In your transcription, keep every record exact and leave out the pictures.

[Supplied entries Boundary: Start]

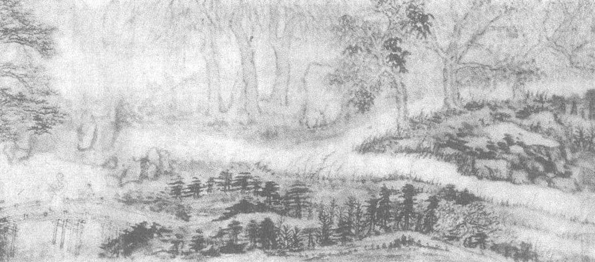| 释义 | 髡残书画卷清。髡残(见《髡残苍翠凌天图轴》条目)绘。纸本设色。纵28.1厘米,横248.3厘米。上海博物馆藏。此为一幅横景式画卷。作者将一段山野的景色一路绘来。图中峰峦连绵俊逸,林木繁茂蓊茸,石阶随山势而行,河水逶迤平缓。红墙绿瓦的寺院掩映在赭石翠树间。古塔为松柏环绕。依水而建的木亭富有特色,一半水中一半岸上。图中有两处人物活动场景。拱形木桥横跨水面,一红衣老者握杖行于桥上,一童子腋下携琴尾随而来。图卷的末尾处绘一泓水湾,一叶扁舟漂浮于水面,渔翁坐在船头垂钓。在这幽深秀美的环境中,人物透出幽雅含蓄、超凡脱俗的气质。整个画卷构图疏密得当,景物层次有序。作者笔格遒劲,干湿并用,意境高妙,浅绛的设色和深浅不同的墨色丰富了画面的层次。图后有自题五言诗一首,款署“浙江学人”。诗起首钤〈浙江〉朱文印,后钤〈释弘仁印〉白文印。
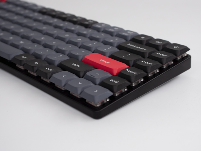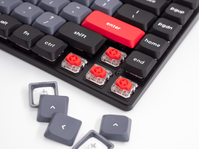 手感上這次K3pro和那些用正常軸體的機械鍵盤非常相像,我嘗試換了一套全高鍵帽上去,換了之後的手感就更像正常的機械鍵盤了。
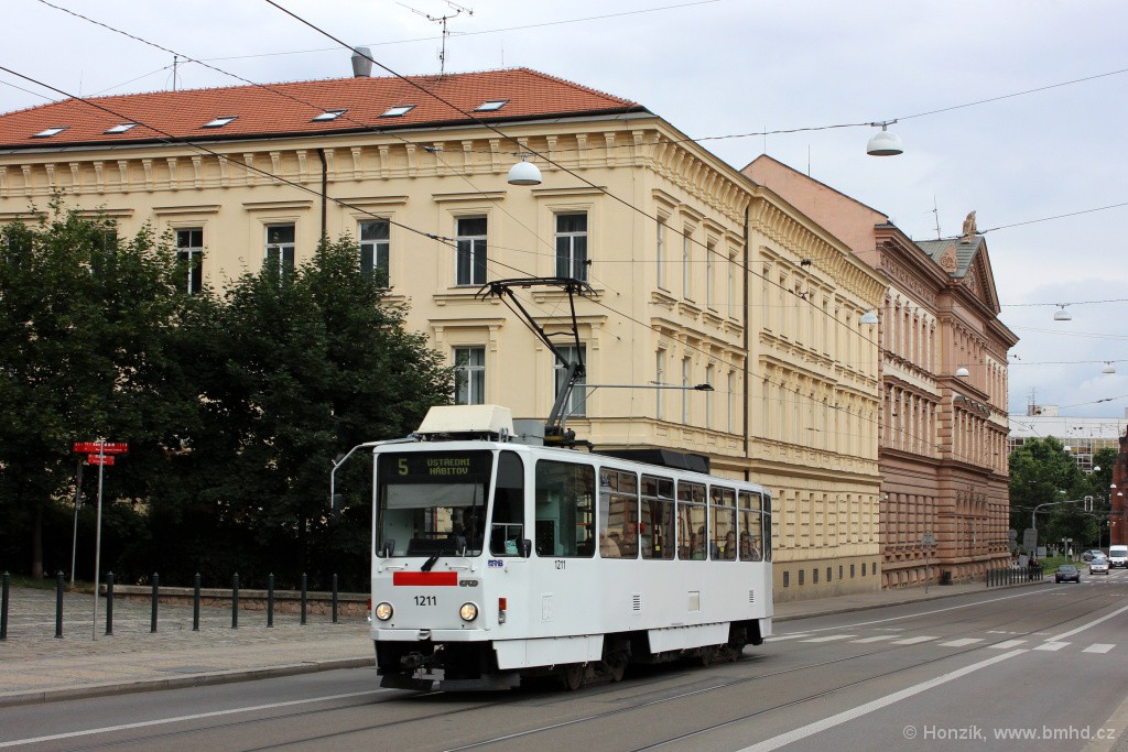 T6A5 1211 mimořádně vypravená jako sólo z důvodu poruchy jejího B-vozu 1212. Kvůli dlouhodobé výluce v ulici Milady Horákové spojené s celkovou rekonstrukcí ulice byla linka 5 v úseku Jugoslávská - Česká odkloněna ulicemi Cejl a Rooseveltovou. V nepracovních dnech na ni bývaly nasazovány hlavně sólo vozy, naopak v pracovních dnech kvůli 10minutovému intervalu na ní jezdí soupravy tramvají T3 a Škody 13T.
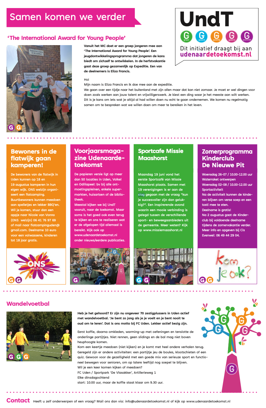 De juli editie van de samenkomenweverder pagina in het Udense weekblad is uit!
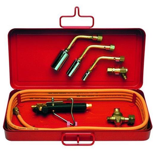 Brennerkasten bestehend aus: Brennerhandgriff FH-1630-S-MC. zwei Brennereinsätze FH-1630-S-BN28 und FH-1630-S-BN38. Lötbrenneinsatz FH-1630-S-PN17. Konstantdruckregler FH-1630-S-R1,Schlauchbruchsicherung FH-1630-PIE-CV. Einwandiger Hochdruckschlauch.
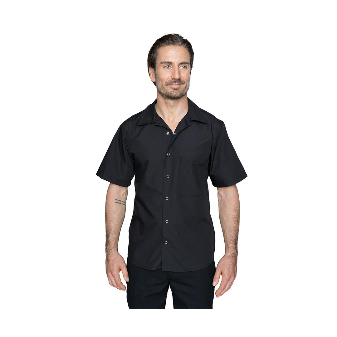 - Classic black cook shirt with snap-button front.

[Supplied entries Boundary: End]

> _Answer to the exercise_:
| 释义 | 髡残书画卷清。髡残(见《髡残苍翠凌天图轴》条目)绘。纸本设色。纵28.1厘米,横248.3厘米。上海博物馆藏。此为一幅横景式画卷。作者将一段山野的景色一路绘来。图中峰峦连绵俊逸,林木繁茂蓊茸,石阶随山势而行,河水逶迤平缓。红墙绿瓦的寺院掩映在赭石翠树间。古塔为松柏环绕。依水而建的木亭富有特色,一半水中一半岸上。图中有两处人物活动场景。拱形木桥横跨水面,一红衣老者握杖行于桥上,一童子腋下携琴尾随而来。图卷的末尾处绘一泓水湾,一叶扁舟漂浮于水面,渔翁坐在船头垂钓。在这幽深秀美的环境中,人物透出幽雅含蓄、超凡脱俗的气质。整个画卷构图疏密得当,景物层次有序。作者笔格遒劲,干湿并用,意境高妙,浅绛的设色和深浅不同的墨色丰富了画面的层次。图后有自题五言诗一首,款署“浙江学人”。诗起首钤〈浙江〉朱文印,后钤〈释弘仁印〉白文印。
 手感上這次K3pro和那些用正常軸體的機械鍵盤非常相像,我嘗試換了一套全高鍵帽上去,換了之後的手感就更像正常的機械鍵盤了。
 T6A5 1211 mimořádně vypravená jako sólo z důvodu poruchy jejího B-vozu 1212. Kvůli dlouhodobé výluce v ulici Milady Horákové spojené s celkovou rekonstrukcí ulice byla linka 5 v úseku Jugoslávská - Česká odkloněna ulicemi Cejl a Rooseveltovou. V nepracovních dnech na ni bývaly nasazovány hlavně sólo vozy, naopak v pracovních dnech kvůli 10minutovému intervalu na ní jezdí soupravy tramvají T3 a Škody 13T.
 De juli editie van de samenkomenweverder pagina in het Udense weekblad is uit!
 Brennerkasten bestehend aus: Brennerhandgriff FH-1630-S-MC. zwei Brennereinsätze FH-1630-S-BN28 und FH-1630-S-BN38. Lötbrenneinsatz FH-1630-S-PN17. Konstantdruckregler FH-1630-S-R1,Schlauchbruchsicherung FH-1630-PIE-CV. Einwandiger Hochdruckschlauch.
 - Classic black cook shirt with snap-button front.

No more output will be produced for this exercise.